→ Directions for this task
Exact transcription of the following records is needed, with every picture dropped.
--- Information given ---
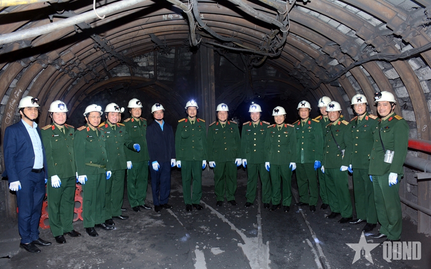 | Đại tướng Nguyễn Trọng Nghĩa trực tiếp xuống hầm lò để thăm, kiểm tra công tác bảo đảm an toàn tại các khu kỹ thuật dưới độ sâu 320 mét. |
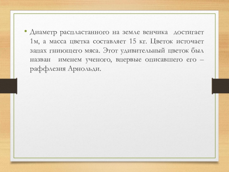 Слайд 18Диаметр распластанного на земле венчика достигает 1м, а масса цветка составляет
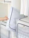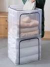 Organize all your stuff easily and neatly with this foldable organizer! This storage box features two steel stands that make it easier to make the box stand upright. It is transparent panels for a see through feature, and two handles to carry easily from one room to another. This organizer can be stacked one upon another inside the wardrobe or on shelves. It has an opening on the front secured with a zipper that allows you to take out the necessary things easily and without hassle. This keeps the things organized yet accessible. It folds into small pack while not in use saving your storage spa
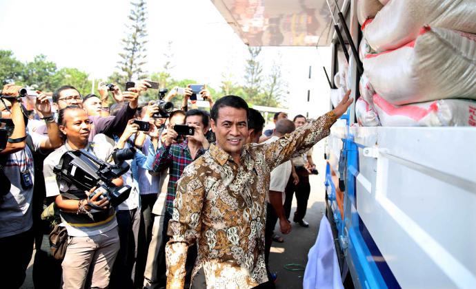 Menteri Pertanian (Mentan) Amran Sulaiman dan Kepala Badan Urusan Logistik (Bulog) Djarot Kusumayakti melepas pasar murah beras premium dan daging sapi di Gudang Bulog, Jakarta, Selasa (22/9/2015). Bulog melepas 30 truk yang terdiri dari 21 truk beras sejumlah 140 ton yang kami sebar ke pasar-pasar tradisional DKI, dan pasar induk Cipinang
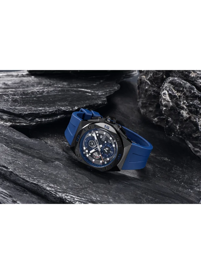 Round 316L Stainless Steel Black case with Analog display, Blue dial 316L Stainless Steelmm case diameter, Citizen Miyota JS15 Movement movement, 10 ATM water resistant Blue Rubber bracelet with 46*52mm
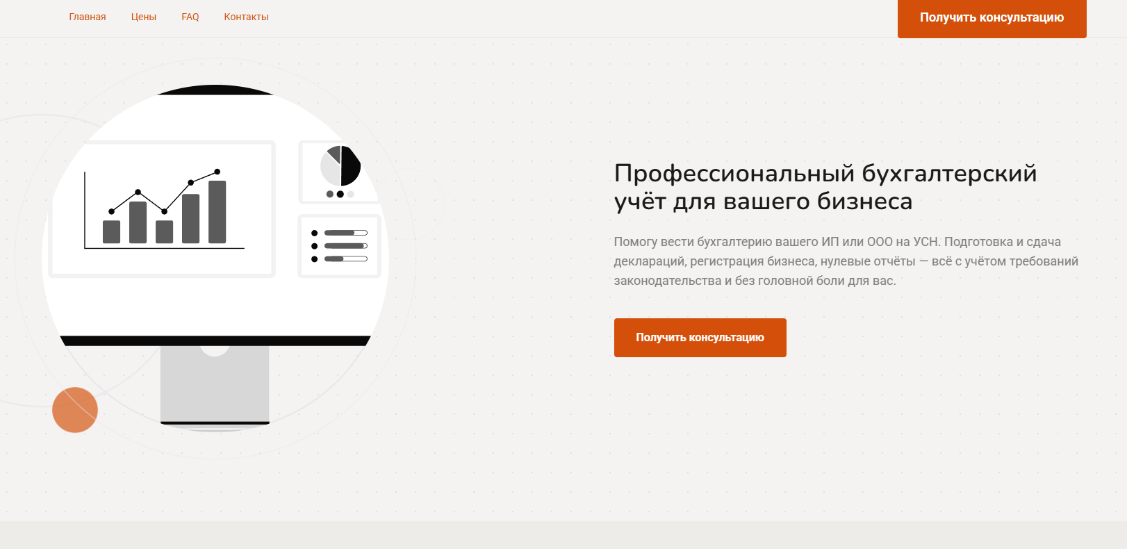 Лендинг разместили на домене и запустили рекламу под запросы "бухгалтер для ИП на аутсорсе" и "бухгалтерское обслуживание малого бизнеса". Страница сразу давала нужное впечатление: специализация понятна, цены указаны, форма заявки на видном месте.
---
→ Task response
 | Đại tướng Nguyễn Trọng Nghĩa trực tiếp xuống hầm lò để thăm, kiểm tra công tác bảo đảm an toàn tại các khu kỹ thuật dưới độ sâu 320 mét. |
 Слайд 18Диаметр распластанного на земле венчика достигает 1м, а масса цветка составляет
 Organize all your stuff easily and neatly with this foldable organizer! This storage box features two steel stands that make it easier to make the box stand upright. It is transparent panels for a see through feature, and two handles to carry easily from one room to another. This organizer can be stacked one upon another inside the wardrobe or on shelves. It has an opening on the front secured with a zipper that allows you to take out the necessary things easily and without hassle. This keeps the things organized yet accessible. It folds into small pack while not in use saving your storage spa
 Menteri Pertanian (Mentan) Amran Sulaiman dan Kepala Badan Urusan Logistik (Bulog) Djarot Kusumayakti melepas pasar murah beras premium dan daging sapi di Gudang Bulog, Jakarta, Selasa (22/9/2015). Bulog melepas 30 truk yang terdiri dari 21 truk beras sejumlah 140 ton yang kami sebar ke pasar-pasar tradisional DKI, dan pasar induk Cipinang
 Round 316L Stainless Steel Black case with Analog display, Blue dial 316L Stainless Steelmm case diameter, Citizen Miyota JS15 Movement movement, 10 ATM water resistant Blue Rubber bracelet with 46*52mm
 Лендинг разместили на домене и запустили рекламу под запросы "бухгалтер для ИП на аутсорсе" и "бухгалтерское обслуживание малого бизнеса". Страница сразу давала нужное впечатление: специализация понятна, цены указаны, форма заявки на видном месте.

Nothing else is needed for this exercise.